We see that the captured fraction of variance increases rapidly with the first few eigenvalues, then slows down and almost plateaus (it will slowly increase to 1 when all 20531 eigenvalues are included). Let us pick, say, \(K = 10\) principal components. We will project the original data onto these 10 components as follows.

K = 10    # number of principal components to use

projected = np.dot(data, v[:,:K])    # project data points onto principal components

We can try to visualize these principal components, although it is hard to make plots in more than 2 or 3 dimensions. Since the first few components capture the most variance, we may hope that plotting 2 or 3 of them would be enough. It turns out that the first and third PCs give a pretty good impression of the data.

plt.figure(figsize=(6,6))
plt.scatter(projected[:,0], projected[:,2], s=5)
plt.xlabel('PC1')
plt.ylabel('PC3')
plt.show()
../../_images/cancer_22_0.png

We see that the data points are naturally separated into 5 clusters. To improve visualization, we can color the data points according to their labels (which we have pretended not to know). For that we need a bit of processing of the labels since they were given as strings but we want indices.

types = set(labels['Class'])    # collect all tumor types
nt = len(types)    # number of types
print(types)
{'BRCA', 'COAD', 'KIRC', 'LUAD', 'PRAD'}

These represent kidney cancer, breast cancer, prostate cancer, lung cancer, and colon cancer, respectively.

type_to_index = dict(zip(types, range(nt)))    # map string labels to indices
indices = labels['Class'].map(type_to_index).to_numpy()    # convert labels to indices for all data points

We can now plot the data points in 3D with colors.

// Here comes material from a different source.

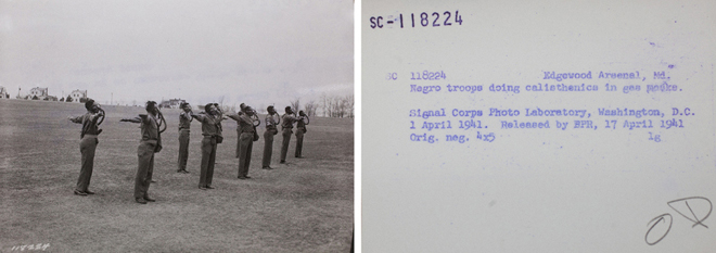 | Các quân nhân thực hành sử dụng dụng cụ phòng độc tại Kho vũ khí Edgewood ở Maryland hồi đầu thập niên 1940. Ảnh nguồn: Army Signal Corps via National Archives. |

from mpl_toolkits.mplot3d import Axes3D
from matplotlib import animation as anim
plt.rcParams["animation.html"] = "jshtml"
cycle = plt.rcParams['axes.prop_cycle'].by_key()['color']
colors = np.asarray(cycle)[indices]

fig = plt.figure(figsize=(8,6))
fig.subplots_adjust(left=0, right=1, bottom=0, top=1)
ax = fig.add_subplot(projection="3d")
ax.scatter(projected[:,0], projected[:,1], projected[:,2], s=5, c=colors)
ax.set_xlabel(r'PC1')
ax.set_ylabel(r'PC2')
ax.set_zlabel(r'PC3')
fig.set_facecolor('w')

def animate(i):
    ax.view_init(elev=10., azim=i*10)
    return fig,

mov = anim.FuncAnimation(fig, animate, frames=36)
# mov.save('source/cancer.gif', fps=5)
plt.close()
mov

We see that the clusters match very well with the colors. It shows that the first few principal components successfully capture the main features of the dataset. Therefore, we will use these principal components to cluster the data points, again pretending that we do not know the labels (colors).

Clustering#

Our goal is to separate the data points into multiple clusters according to their relative positions in the data space (or the reduced low-dimensional space). We would like the data points within the same cluster to be close together, and different clusters to be relatively far apart. The number of clusters needed to separate the data points is often not known beforehand, so finding the appropriate number of clusters is part of the task. In simple clustering algorithms, such as k-means that we will use, the number of clusters is chosen by hand and given to the algorithm. More sophisticated algorithms may select this number automatically according to certain criteria.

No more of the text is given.